Skullite defines two exception classes:

- **`SkulliteError`** — raised for user-facing errors:
  - Invalid SQL identifiers (SQL injection protection)
  - Mutually exclusive arguments (`script` + `script_path`)
  - Missing persistent connection for `query()`
  - `None` in `where_parameters` (use the `_from_values` variant instead)

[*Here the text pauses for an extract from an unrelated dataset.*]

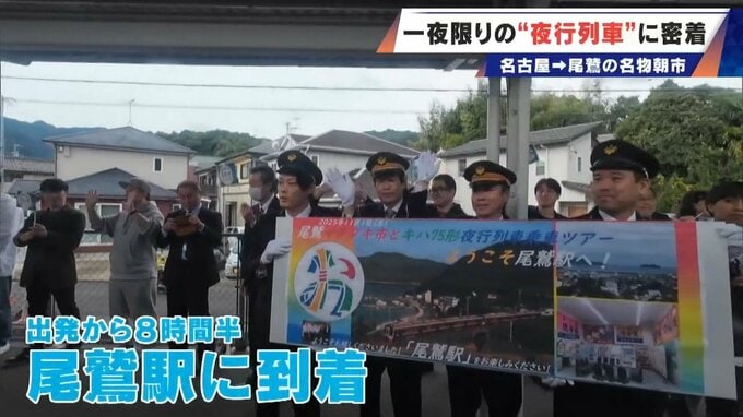 午前8時32分、出発から8時間半、ついに終点・尾鷲駅に到着。ホームでは地元の人たちが歓迎してくれました。尾鷲市が、この夜行列車を歓迎するのにはワケが。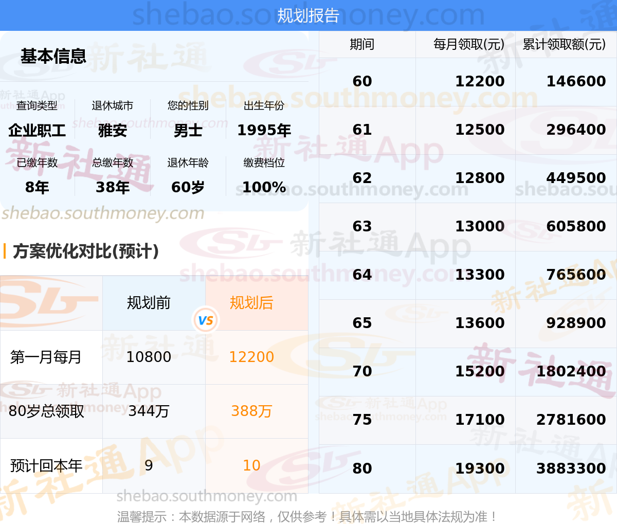 规划前:60岁第一个月约领10800元,新社通APP-养老金规划后:60岁第一个月约领12200元

- **`SkulliteLogicError`** (subclass of `SkulliteError`) — raised for internal invariant violations (unexpected state in `__enter__` / `__exit__`). These indicate a bug rather than a usage error.

```python
from skullite import SkulliteError, SkulliteLogicError
```

## SQL Injection Protection

All table and column names passed to `insert`, `insert_or_ignore`, `select_id`, `select_id_from_values`, `count`, and `count_from_values` are validated against `^[a-zA-Z_][a-zA-Z0-9_]*$` and quoted. Invalid identifiers raise `SkulliteError`.

```python
# Safe: identifiers are validated and quoted
db.insert("users", name="Alice")
# Generates: INSERT INTO "users" ("name") VALUES (?)

# Rejected: raises SkulliteError
db.insert("users; DROP TABLE users", name="Alice")
```

Note: `modify`, `query`, `query_one`, and `query_all` accept raw SQL strings. Use parameterized queries (`?` placeholders) for values to prevent injection.